§ Activity: A verbatim restatement of the data, free of pictures, is what you should output.

§ Data section:
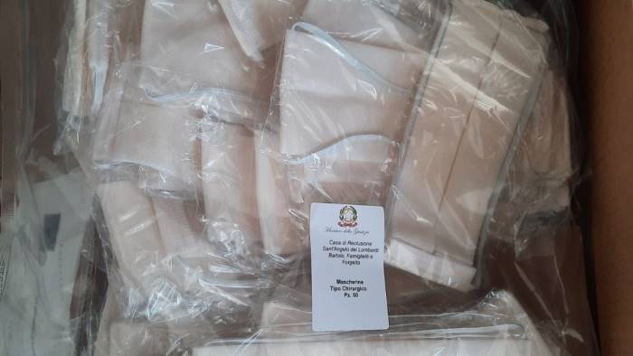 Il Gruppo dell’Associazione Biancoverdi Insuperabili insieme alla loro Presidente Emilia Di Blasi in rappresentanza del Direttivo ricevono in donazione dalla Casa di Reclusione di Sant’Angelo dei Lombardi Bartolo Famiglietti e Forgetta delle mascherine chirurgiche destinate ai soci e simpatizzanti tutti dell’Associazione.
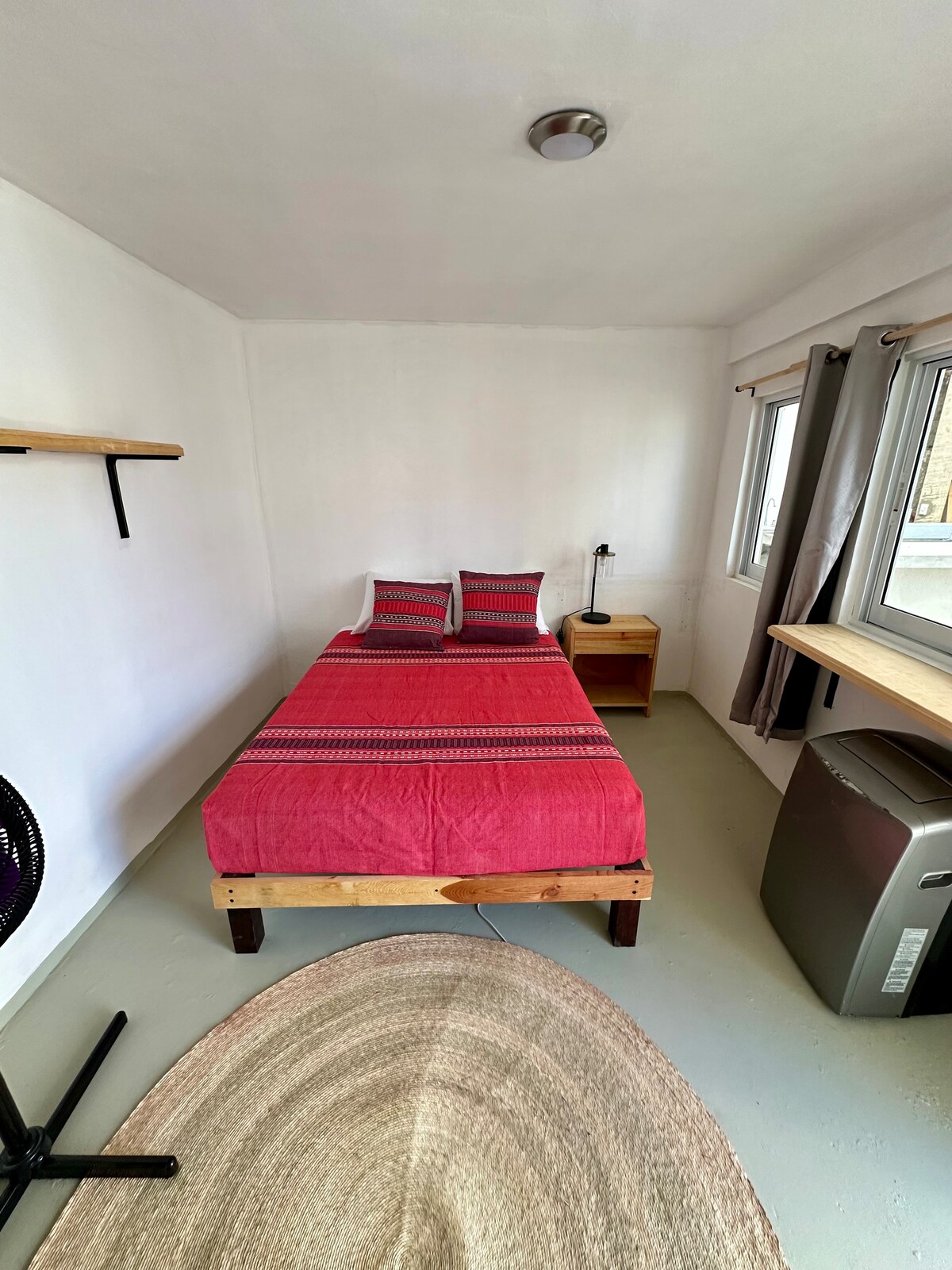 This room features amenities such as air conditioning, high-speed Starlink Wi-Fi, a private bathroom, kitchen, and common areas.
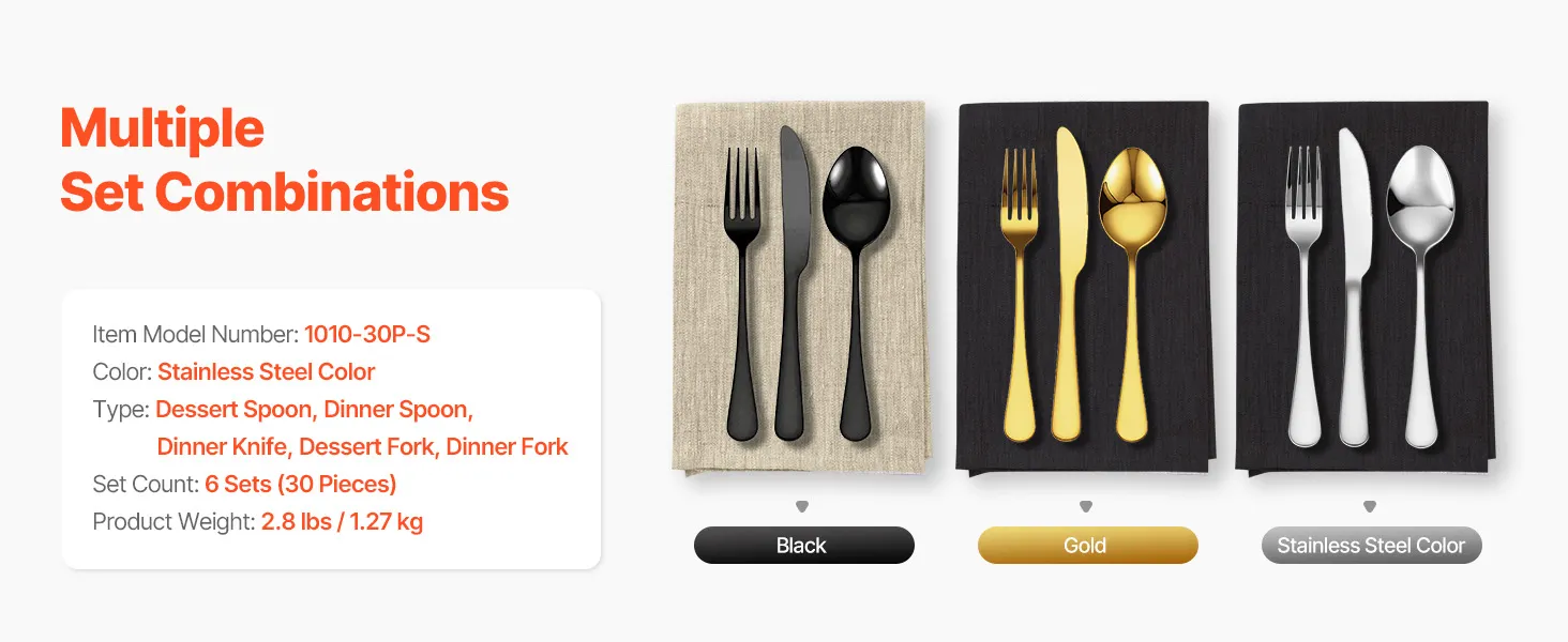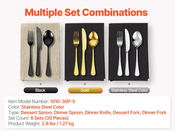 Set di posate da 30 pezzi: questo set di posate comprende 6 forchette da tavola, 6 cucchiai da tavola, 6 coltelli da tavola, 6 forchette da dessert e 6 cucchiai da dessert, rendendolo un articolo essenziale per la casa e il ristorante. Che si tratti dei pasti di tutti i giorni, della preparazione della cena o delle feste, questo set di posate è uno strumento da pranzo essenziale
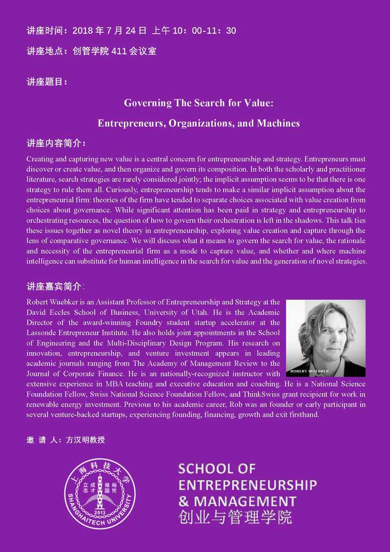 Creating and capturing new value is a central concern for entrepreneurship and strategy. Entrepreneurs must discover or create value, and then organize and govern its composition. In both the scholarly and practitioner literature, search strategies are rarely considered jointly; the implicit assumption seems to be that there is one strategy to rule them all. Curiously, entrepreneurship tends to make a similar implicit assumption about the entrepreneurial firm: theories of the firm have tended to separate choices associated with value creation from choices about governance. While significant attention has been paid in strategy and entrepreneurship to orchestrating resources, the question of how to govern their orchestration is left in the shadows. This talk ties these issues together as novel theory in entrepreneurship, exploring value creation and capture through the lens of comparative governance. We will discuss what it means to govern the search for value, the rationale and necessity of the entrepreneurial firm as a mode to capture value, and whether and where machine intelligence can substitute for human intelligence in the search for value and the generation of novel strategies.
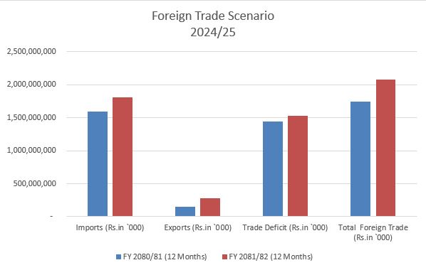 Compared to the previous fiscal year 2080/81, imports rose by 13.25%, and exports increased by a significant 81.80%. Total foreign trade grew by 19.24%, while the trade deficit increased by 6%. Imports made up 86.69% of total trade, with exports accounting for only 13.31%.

§ Problem solution:
 Il Gruppo dell’Associazione Biancoverdi Insuperabili insieme alla loro Presidente Emilia Di Blasi in rappresentanza del Direttivo ricevono in donazione dalla Casa di Reclusione di Sant’Angelo dei Lombardi Bartolo Famiglietti e Forgetta delle mascherine chirurgiche destinate ai soci e simpatizzanti tutti dell’Associazione.
 This room features amenities such as air conditioning, high-speed Starlink Wi-Fi, a private bathroom, kitchen, and common areas.
 Set di posate da 30 pezzi: questo set di posate comprende 6 forchette da tavola, 6 cucchiai da tavola, 6 coltelli da tavola, 6 forchette da dessert e 6 cucchiai da dessert, rendendolo un articolo essenziale per la casa e il ristorante. Che si tratti dei pasti di tutti i giorni, della preparazione della cena o delle feste, questo set di posate è uno strumento da pranzo essenziale
 Creating and capturing new value is a central concern for entrepreneurship and strategy. Entrepreneurs must discover or create value, and then organize and govern its composition. In both the scholarly and practitioner literature, search strategies are rarely considered jointly; the implicit assumption seems to be that there is one strategy to rule them all. Curiously, entrepreneurship tends to make a similar implicit assumption about the entrepreneurial firm: theories of the firm have tended to separate choices associated with value creation from choices about governance. While significant attention has been paid in strategy and entrepreneurship to orchestrating resources, the question of how to govern their orchestration is left in the shadows. This talk ties these issues together as novel theory in entrepreneurship, exploring value creation and capture through the lens of comparative governance. We will discuss what it means to govern the search for value, the rationale and necessity of the entrepreneurial firm as a mode to capture value, and whether and where machine intelligence can substitute for human intelligence in the search for value and the generation of novel strategies.
 Compared to the previous fiscal year 2080/81, imports rose by 13.25%, and exports increased by a significant 81.80%. Total foreign trade grew by 19.24%, while the trade deficit increased by 6%. Imports made up 86.69% of total trade, with exports accounting for only 13.31%.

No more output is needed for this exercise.